How manufacturing sector can boost GDP contribution to 20pc

Bidco Africa factory in Ruiru, Kiambu County. FILE PHOTO | NMG

There is a story of a very small country called Bangladesh. In 2015, the country was exporting $25 billion of garments and apparel to the world and they had the plan to double the exports to $50 billion.

Last year, they hit their target of $50 billion, four years in advance, offering 4.2 million jobs. Their manufacturing contribution in 2015 was 16 percent of their gross domestic product (GDP) and today it’s 22 percent.

Kenya’s manufacturing industry should go back to its path of generating 20 percent of the GDP by 2030. It is possible, Bangladesh has done it and Kenya can do it.

From a perspective of how manufacturing contributes to the GDP of other countries, China is at 28 percent, Egypt is at 30 percent, India at 16 percent, South Africa at 14 percent and Kenya is at 7.2 percent. Over the years has come down from 20 percent, which is a shame but it’s better to be honourable and accept that there is a problem and let’s move and let’s deliver the plan.

Going to the textile apparel sector, it’s probably one of the biggest supply chains in the world, and a huge market opportunity, Kenya today is the largest exporter under the African Growth and Opportunity Act (AGOA) to the US. That is about the third top export, overtaking coffee which is fourth at $500 million and has 52,000 jobs.

Covid 19-has brought a new reality to global supply chains, which are re-organising away from the traditional sourcing destinations, offering Kenya a business opportunity.

In addition, the current market access under AGOA and the recently endorsed US-Kenya strategic trade and investment partnership favours Kenya as the preferred sourcing destination.

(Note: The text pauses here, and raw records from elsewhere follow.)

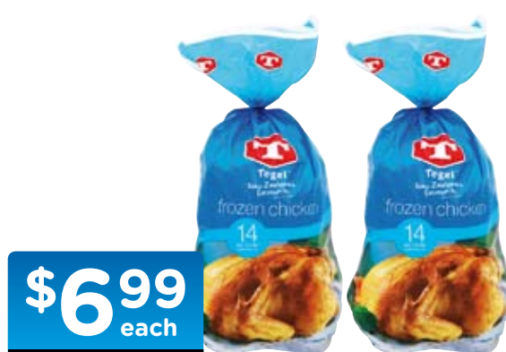
Tegel Frozen Chicken No 14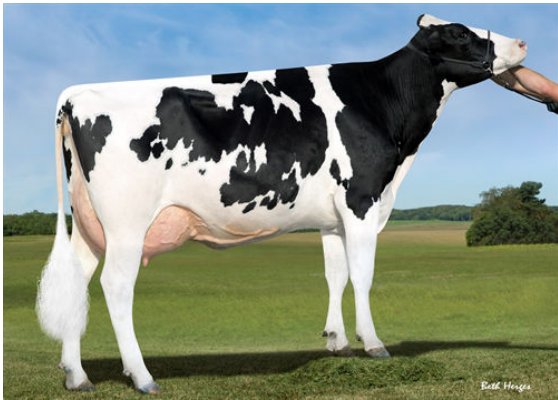
SANDY-VALLEY MORGAN ERA FOURTH DAM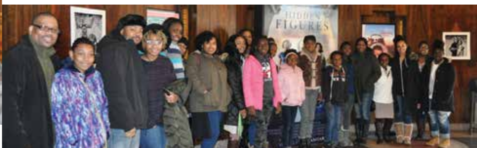
B.E.S.T. Families at Hidden Figures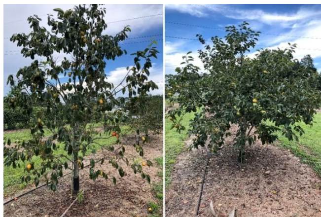
Figure 5. Tree size and shape can be varied among cultivars 'Saijo' (left) and 'Fuyu' (right).

most persimmon trees fall into this category. Trees in the tall class are upright and often have small fruit. Generally, tree size is reduced south of Gainesville to south Florida. It has been observed that trees grown in Florida are often smaller than would be expected in their native land; common cultivars barely reached 10 ft in height after 10 years in trials during the 1960s.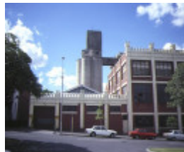
former victoria brewery victoria parade east melbourne side view oct1985

There is opportunity ahead of us in just one market which is the US with $100 billion but if we also start to look at the European Union (EU) with 27 countries, that’s about $150 billion meaning the total pie is $800 billion.

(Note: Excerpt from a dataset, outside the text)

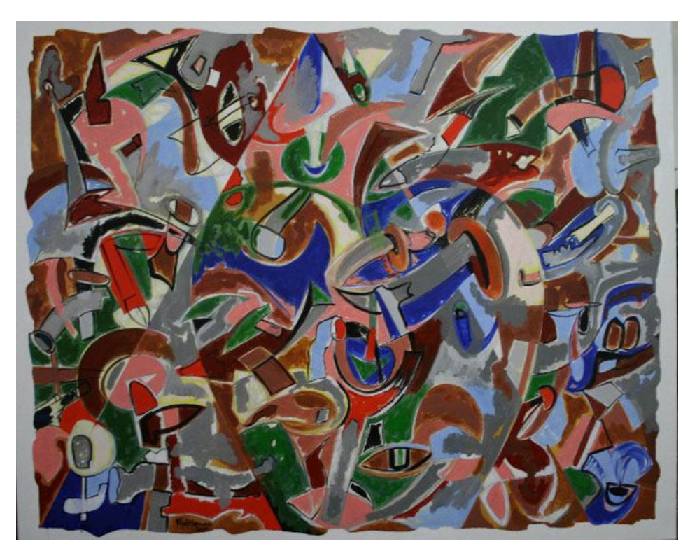
Iron in the Apple, 2010, 152 x 121 cm. Collection: Artist

If the size of the pie in the US is $100 billion under AGOA and our contribution to that market is $500 million, there is no need to chest-thump and say, we are the biggest and the best in Africa, yes we are but globally, what have you done, we are 0.5 percent of US imports, which is a shame because we are duty-free.

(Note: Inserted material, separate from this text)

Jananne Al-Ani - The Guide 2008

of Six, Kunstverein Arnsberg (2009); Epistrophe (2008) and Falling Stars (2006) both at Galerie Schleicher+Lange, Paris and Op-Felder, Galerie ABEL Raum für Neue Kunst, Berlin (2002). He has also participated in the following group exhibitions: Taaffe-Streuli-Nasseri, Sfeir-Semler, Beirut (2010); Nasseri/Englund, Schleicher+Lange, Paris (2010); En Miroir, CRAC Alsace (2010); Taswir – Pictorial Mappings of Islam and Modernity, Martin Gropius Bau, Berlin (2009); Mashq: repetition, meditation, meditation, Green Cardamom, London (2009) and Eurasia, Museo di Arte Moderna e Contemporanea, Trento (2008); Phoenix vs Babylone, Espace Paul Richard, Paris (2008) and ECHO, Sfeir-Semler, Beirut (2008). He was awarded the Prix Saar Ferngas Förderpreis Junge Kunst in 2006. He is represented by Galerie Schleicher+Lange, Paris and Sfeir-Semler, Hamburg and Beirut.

We must be cognisant that we need to remain globally competitive to secure a bigger slice of the market access available to Kenya. The main drivers of competitiveness that need urgent attention are as follows — bill of materials, productivity, utility costs, financing costs and logistics costs.

We need to aspire to build a world-class textile apparel value chain that is globally competitive irrespective of duty-free market access to secure global dominance as our competitive and comparative advantage. Let’s become world-class operators otherwise, we will be no-class operators.

There is an opportunity for us in one sector and in that sector, there are no factories left in our Athi River EPZ. I believe in Naivasha it can be a reality and deliver 100,000 jobs. We don’t have an option but to create jobs and even President William Ruto has said that his three agendas are spot-on, which are agenda one jobs, agenda two jobs and agenda three jobs.

The textile industry in Kenya is once again going to deliver that opportunity for jobs as we connect that pipeline back to the farm gates, the farmers and the field to fashion which is possible and it can happen thus this is a serious opportunity ahead of us that we should not lose.

Bedi is the Managing Director, Bedi Investments Limited.